Ok, thank you for digging deep enough to demonstrate the corruption
spread. It certainly helps on my end to know it's spread across
several disks and expanders and isn't obviously a single bad
disk, cable or expander. It doesn't rule out the controller as the
problem, though.

> Whilst that hardware side of things is interesting, and that md4
> could bear some more investigation, as previously suggested, and now
> with more evidence (older files checked clean), it's looking like
> this issue really started with the upgrade from v3.18.25 to v4.9.76
> on 2018-01-15. I.e. less likely to be hardware related - unless the
> new kernel is stressing the hardware in new exciting ways.

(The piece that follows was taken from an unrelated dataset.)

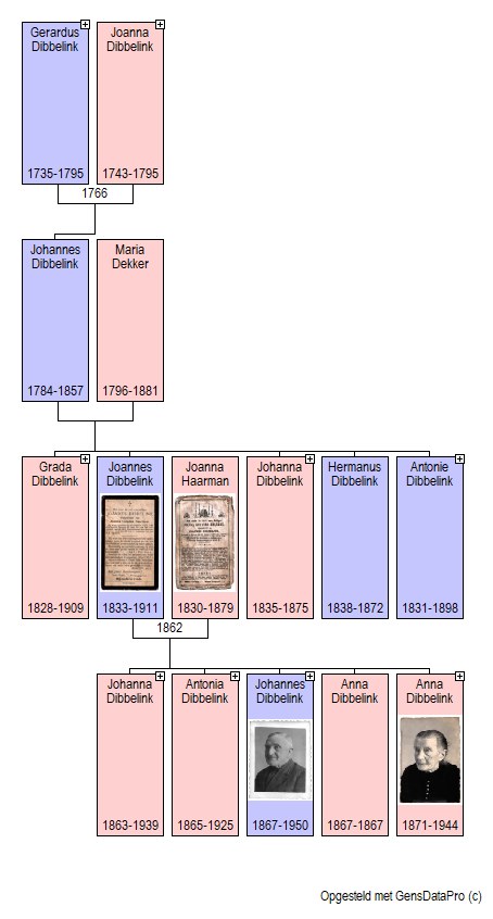 4 kinderen van Joannes en Gerada zijn geboren in Warken en gedoopt in de Nieuwkerk te Zutphen. In 1877 is de familie Dibbelink verhuisd naar Geesteren.
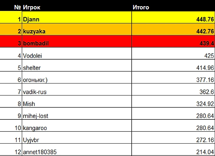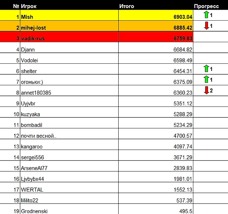 * Не забываем поздравлять чемпионов турнира в коментариях к посту ведь на их месте в любой момент можете оказаться и вы :)

Right, that's entirely possible the new kernel is doing something
the old kernel didn't, like loading it up with more concurrent IO
across more disks. Do you have the latest firmware on the
controller?

The next steps are to validate the data is getting through each
layer of the OS intact. This really needs a more predictable test
case - can you reproduce and detect this corruption using
genstream/checkstream?

If so, the first step is to move to direct IO to rule out a page
cache related data corruption. If direct IO still shows the
corruption, we need to rule out things like file extension and
zeroing causing issues. e.g. preallocate the entire files, then
write via direct IO. If that still generates corruption then we need
to add code into the bottom of the filesystem IO path to validate
the data being sent by the filesystem is not corrupt.

If we get that far with correct write data, but still get
corruptions on read, it's not a filesystem created data corruption.
Let's see if we can get to that point first...

> I'm also wondering whether I should just try v4.14.latest, and see
> if the problem goes away (there's always hope!). But that would
> leave a lingering bad taste that maybe there's something not quite
> right in v4.9.whatever land. Not everyone has checksums that can
> tell them their data is going just /slightly/ out of whack...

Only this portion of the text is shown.